▶ _ABOUT THIS EXERCISE_:
Retype the material below exactly, from its first line through the line with "过程:如图,t=3t0时木板"; the pictures stay out.

:::

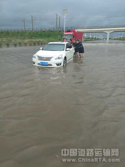 由于铁路桥下积水面积大、积水深导致过往车辆出现故障无法行驶,正在现场指导工作的熊俊杰与孟辉上前帮助将车辆推离水中,并得到过往车辆及行人的一致好评。
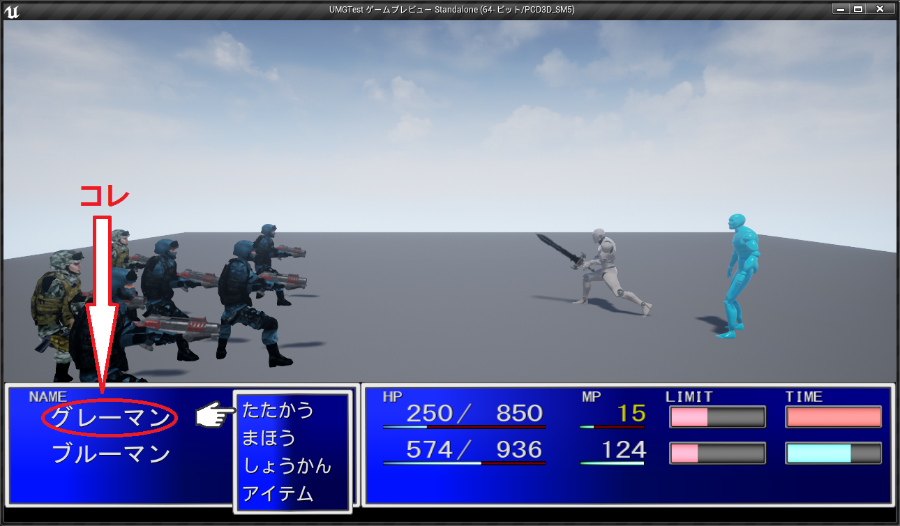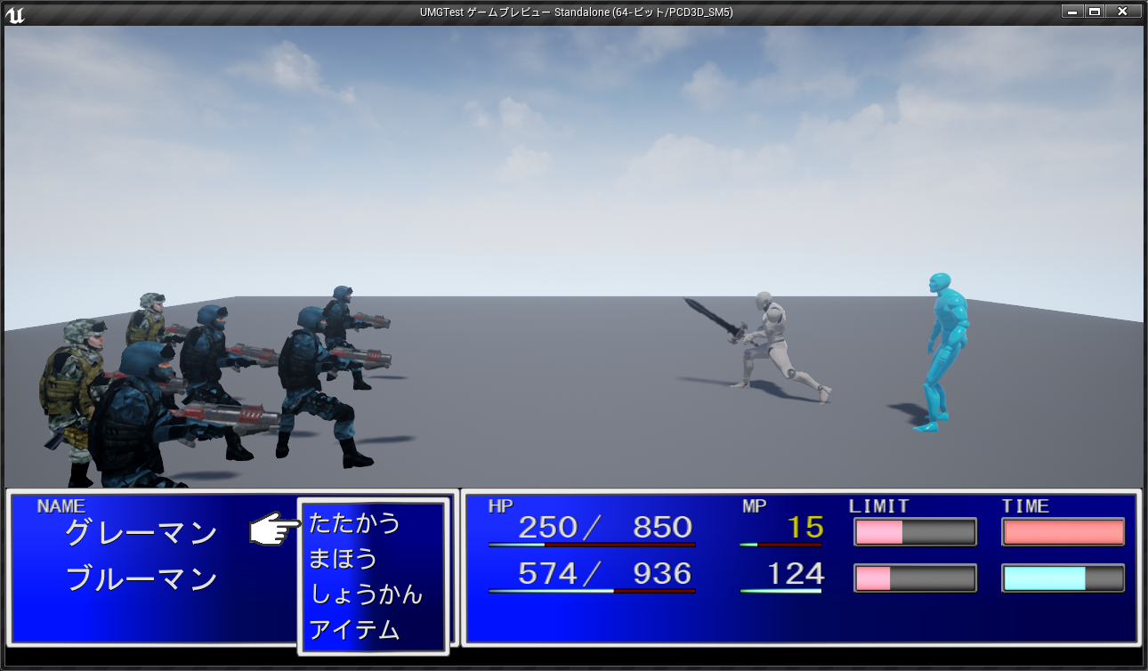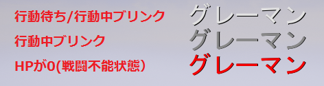 名前も同様に状態によってテキストの色が変わる動作となり、プレイヤに行動が回ってくると1番目(白色)と2番目(灰色)のブリンク表示となります。
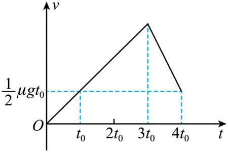 过程:如图,t=3t0时木板速度突变,显然此时物块滑上木板,A正确;小物块在t0时间内速度变化量为2μgt0,故加速度a=2μgt0/t0=2μg,因为f=ma=μ1mg(μ1表示小物块与木板之间的动摩擦因素),故B正确;分别对突变前后进行分析,如图所示,C错误;
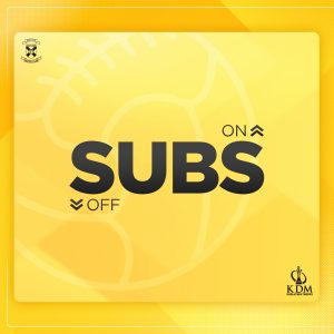 This graphic’s Functionality is to announce a substitution during the game. It is a highly minimalist and functional design. It does not use Photography in order to keep the message clean and direct. The large, central text “SUBS” is highly readable, and the small “ON” and “OFF” with arrows clearly indicates the direction of the change. This is a very efficient use of visual hierarchy. The Branding & Layout is consistent with the in game graphics, featuring the familiar yellow background, and the club and sponsor logos. The lack of clutter ensures the message gets across instantly. How it fits in the overall picture: This graphic is a key piece of the live matchday content. Its design is perfectly aligned with the “Kick Off,” “Half Time,” and “Full Time” graphics, creating a seamless and professional looking live feed of game events.
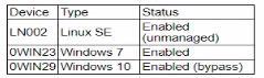 OWIN23 is running Windows 7, which is a legacy operating system. Many EDR solutions no longer provide full support for outdated operating systems like Windows 7, which has reached its end of life and is no longer receiving security updates from Microsoft. This makes such systems more vulnerable to infections and attacks, including remote access Trojans (RATs). * A. OWIN23 uses a legacy version of Windows that is not supported by the EDR: This is the most probable cause because the lack of support means that the EDR solution may not fully protect or monitor this system, making it an easy target for infections. * B. LN002 was not supported by the EDR solution and propagates the RAT: While LN002 is unmanaged, it is less likely to propagate the RAT to OWIN23 directly without an established vector. * C. The EDR has an unknown vulnerability that was exploited by the attacker: This is possible but less likely than the lack of support for an outdated OS. * D. OWIN29 spreads the malware through other hosts in the network: While this could happen, the status indicates OWIN29 is in a bypass mode, which might limit its interactions but does not directly explain the infection on OWIN23. References: * CompTIA Security+ Study Guide * NIST SP 800-53, "Security and Privacy Controls for Information Systems and Organizations" * Microsoft's Windows 7 End of Support documentation

:::

▶ _SOLUTION TO THE PROBLEM_:
 由于铁路桥下积水面积大、积水深导致过往车辆出现故障无法行驶,正在现场指导工作的熊俊杰与孟辉上前帮助将车辆推离水中,并得到过往车辆及行人的一致好评。
 名前も同様に状態によってテキストの色が変わる動作となり、プレイヤに行動が回ってくると1番目(白色)と2番目(灰色)のブリンク表示となります。
 过程:如图,t=3t0时木板速度突变,显然此时物块滑上木板,A正确;小物块在t0时间内速度变化量为2μgt0,故加速度a=2μgt0/t0=2μg,因为f=ma=μ1mg(μ1表示小物块与木板之间的动摩擦因素),故B正确;分别对突变前后进行分析,如图所示,C错误;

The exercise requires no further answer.